**QUAIS AS DÚVIDAS DA RAZÃO?** - Manoel Ferreira
Luz brilhante da aurora! Aurora do nada, muito mais forte que fora em
tempos de outrora, havia rima, havia métrica, há apenas o sentimento profundo
de que me não é dado voltar à inocência, perderia a consciência de que à
distância não existe um pastor con-duzindo o rebanho de ovelhas com um cajado,
não existe arco-íris riscando o céu, no fim dele há um pote de tesouro
inestimável...
Há o olhar para a rua deserta, crianças não passam de mãos dadas com a
mãe indo à escola aprender as primeiras lições, escrever e ler, vira-latas não
desfazem os sacos de lixo atrás de algo para comerem, saciarem a fome. Há o
sentimento de que de mochila nas costas tenho de seguir a estrada, não nasci
para este mundo aqui, não vou morrer ao léu das situações e circunstâncias. A razão
diz-me com trans-parência: quanto mais andar mais estradas avistarei à frente,
sempre seguindo.
Quais as dúvidas da razão? Razão é saber que vivemos no regaço de uma
lógica, lógica esta que outra coisa não significa senão a verdade da vida é
estar em movimento, sem cancelas, sem porteiras, sem fronteiras, navegando em
naus em pleno mar revolto, eliminando os trambolhos, resguardando nas
trincheiras, o outro lado ao outro lado pertence, se houverem outros sentidos
outros serão efêmeros, tão efêmeros que não haverá tempo de memorizar-lhes
ínfima miríade de suas faces... Sem metafísicas, sem poesias, sem palavras
verbais de que nalgum recanto do mundo tudo é diferente, tudo será de outro
modo...
Solidão, a cama vazia de carências. Mito, lenda mística do espírito do
verbo de amar. Poeta ama as estrelas, poeta ama a seresta da noite de lua
cheia, poeta ama o blues da madrugada, o jazz do alvores, que custa a passar...

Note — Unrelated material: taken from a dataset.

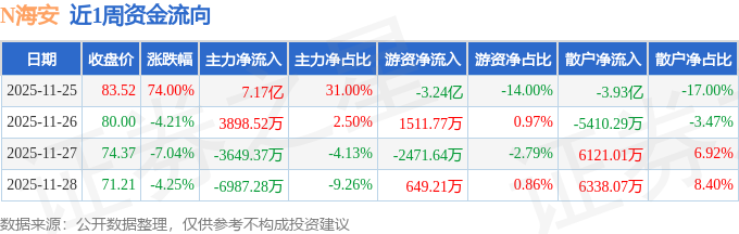 资金流向数据方面,本周C海安主力资金合计净流入6.5亿元,游资资金合计净流出3.27亿元,散户资金合计净流出3.23亿元。本周资金流向一览见下表:

Aurora do nada!... Respiro o seu aroma. Não re-cordo de nada. Não vejo o
tempo passar. Fico olhando as coisas retinadas de brilhos opacos, de sentidos
enviesados, se é que possuem algum, a falta de sentido é que faz as coisas,
existem aos olhos de quem observa de frente ou de soslaio. Tanto nada em mim
esperando o seu tempo de brilhar, esplender suas iríasis a todos os espaços, e
só aos poucos vai se revelando, manifestando-se, mostrando-se. Mas é com os pés
na estrada, a cada passo mergulhando mais e mais no nada que a vida se liberta
de seu labirinto de sonhos e esperanças, utopias, poesias e metafísicas.
Aurora do nada!...
Manoel Ferreira Neto.
(07 de março de 2016)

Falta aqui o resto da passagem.